Los primeros viernes de cada mes, nos reunimos las que nos hemos denominado “las chicas de Public Relations”. La última cita fue un desastre. Todas estaban indignadas con sus jefes. Se atropellaban para hablar. La Vero contaba que su jefecito le había preguntado si tenía listo el discurso que él leería para el Bicentenario, en el aniversario de la empresa. Y ella, que es como una Gertrudis, que siempre anda diez pasos más adelante, se atrevió a encararlo. “Perdón, señor, pero eso no me corresponde. Es tarea suya. ¿Cómo quiere que yo visualice la empresa del futuro? Además, también es tarea del Directorio”. El susodicho enardeció como si le hubieran echado pimienta en la lengua. “¿Para qué cree que le pago, su insolente? ¡Para que sueñe pues, para que sueñe! ¡Use sus lindas neuronas, sueñe la región, el país, el mundo y la empresa también! Y le volvió a repetir, así como el señor Zañartu. ¡Para eso le pagoooo!”
La Cindy había tenido otra gresca con su gerente. Se había negado a vestirse de Vieja Pascuera para la fiesta de Navidad con amigo secreto. También recibió su merecido. “¡Mire Cindy!”, le dijo, “hace ratito que ya se me viene corriendo de la Comisión Organizadora de la Pascua ¡Se va a disfrazar de Vieja Pascuera le guste o no le guste! ¿No es relacionadora pública usted, acaso?”
En fin, el barullo de lamentos continuó. Yo mantuve mi boquita cerrada. Al fin, a alguien se le ocurrió jugar a buscar el tipo de jefe ideal. La idea era que surgiera de un personaje atípico, casi estrambótico. Propusimos nombres y votamos. ¿Y saben quién ganó por paliza? Evaristo Espina. ¡Sí, “Espinita”, del Japening con Ja!
Mientras las chicas bebían su pisco sour, yo prendí un cigarrito y me volé. Me puse a pensar cómo sería “Espinita” de gerente. Entonces sonó el teléfono.
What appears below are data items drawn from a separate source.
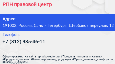 РПН, правовой центр по адресу 191002, Россия, Санкт-Петербург, Щербаков переулок, 12 в дальнейшем Организация, размещена в следующих категориях: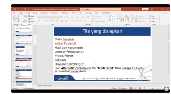 Sidoarjo, Dalam upaya meningkatkan kualitas literasi akademik mahasiswa, Perpustakaan Universitas Muhammadiyah Sidoarjo (UMSIDA) menyelenggarakan kegiatan Online Literacy Class (OLC) bertajuk “Standar Penulisan Karya Ilmiah untuk Mahasiswa.” Acara ini diikuti oleh mahasiswa dari berbagai program studi dan dilaksanakan secara daring melalui platform digital. Kegiatan tersebut menghadirkan dua narasumber berpengalaman, yakni Bulqis Khumairo, S.IIP (Pustakawan UMSIDA) dan Dian Novita Fitriani, M.Hum (Widyaiswara Perpustakaan Nasional RI serta mahasiswa Program Doktor Ilmu Komunikasi Universitas...Read More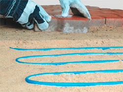 под тротуарную плитку кабель в основном монтируется в песок, и погонная мощность кабеля не может превышать 25 Вт/м;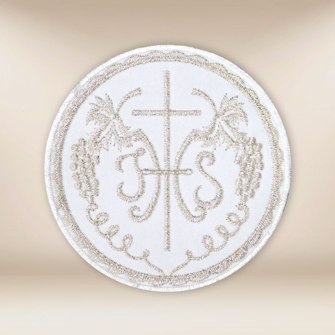 Hostia komunijna haftowana opiera się na harmonijnej, okrągłej formie, otoczonej delikatnym obramowaniem. Ornament roślinny subtelnie dopełnia centralny symbol, wprowadzając ład, symetrię i elegancję. Całość została zaprojektowana z myślą o zachowaniu liturgicznej powagi oraz estetyki odpowiedniej dla uroczystości sakramentalnej, nie dominując stroju, lecz podkreślając jego znaczenie.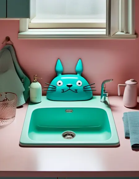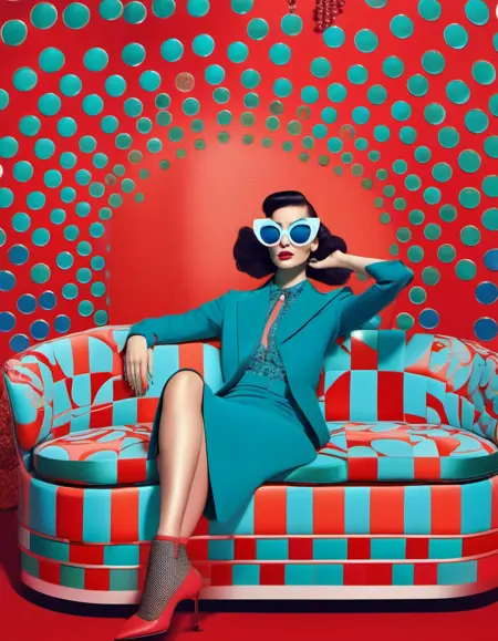 • a fashion magazine photo of a woman wearing a black and white patterned swimsuit and a vivid pink swim cap, her eyes closed with vibrant blue eyeshadow and red lipstick, she floats in water against a striking background of red and yellow tiles, surrounded by a turquoise border that enhances the bold color contrast in the style of miles-aldridge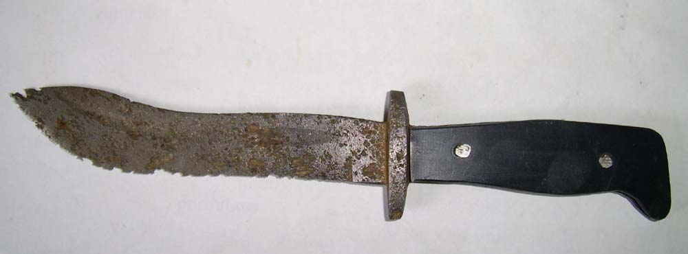 Я уже видел такой на форуме, только относительно целый, по сравнению с Вашим.Это НЕ ФИНКА.Это боевой нож, как сказали немецкий, типа траншейника.Другие же сказали, что это серийные СССРовские охотничьи ножи. Выбросите бяку.Нет ей цены.

Era la secretaria de gerencia. “Don Evaristo quiere hablarle. Le transfiero”. En un segundo lo tenía en línea con su voz meliflua. “¿Cómo amaneció mi súper ocho, mi doblón, mi chomp, cosita más linda?” Carraspeé. “Perdón, don Evaristo. Se confundió. No soy la Walkiria”. Se oyó una risita. “Mil perdones, me castigo. Quiero hablar con usted”. Le respondí que iba de inmediato a la gerencia. “No faltaba más, no se moleste. Los caballeros visitan a las damas. Yo voy para allá. Además, daré un paseíto para levantar el ánimo al personal, usted sabe, con tanto ajetreo que hemos tenido”.
Aterrada, comencé a ordenar el desparramo que tenía sobre mi escritorio. Pero no me dio tiempo. Al segundo, estaba asomado en la puerta, con su peluquín torcido, sus bigotillos grasientos y esa chaqueta que parece haber heredado de un finado, apretadísima, casi como de torero. Se paseó a trancos largos, aspiró profundo y sonrió mostrando sus dientes de oro. “¡Qué maravilla! Esto es un Olimpo, un templo al trabajo. Se nota que aquí se labora, mi querida funcionaria”. “¿Le sirvo un café, señor Espina?”, le dije atragantada. “No faltaba más, no se moleste. Además, vine por otra cosa y se acarició el bigotillo. ¡Quiero decirle que nuestros últimos eventos han sido epopéyicos, epicúreos, dionisíacos! ¿Vio la cantidad de prensa y los camarógrafos, que parecían enjambres?” Mi amigo del alma, que en paz descanse, Peter Drucker, me decía: “Sin tele, no somos nada. Sabia frase. Por eso he decidido premiarla”. Tragué saliva. “Pero, don Evaristo, si yo sólo cumplí con mi deber”. “Ah, je, je, je. ¿Con que bajándose el autoestima la picarona? Nada de eso. Se va al Caribe o Playa del Carmen, all inclusive, a pasarlo chancho. Ah, y sabiendo lo que le gustan los trapitos, le encargué a mi amiga, la Chechi, que le envíe de su línea personal de alta costura, todo lo necesario para que se vea apolínea. Ahora, si su señor esposo, conviviente o pareja, porque yo no me inmiscuyo en la vida íntima de mi personal, no puede ir, este modesto servidor la puede acompañar. Esta es una empresa con alma. Incluso he pensado crear un Departamento del Alma. Usted sería la gerente. Podría tener asesores como mis dilectos amigos Humberto Maturana, la Paty May, la Susana Bloch, Jaime Hales, la Quenita Weinstein, el Chechito Melnick. ¿Le tinca?” Ese fue el preciso instante en que me caí de la silla y me desperté gritando ¡Plop!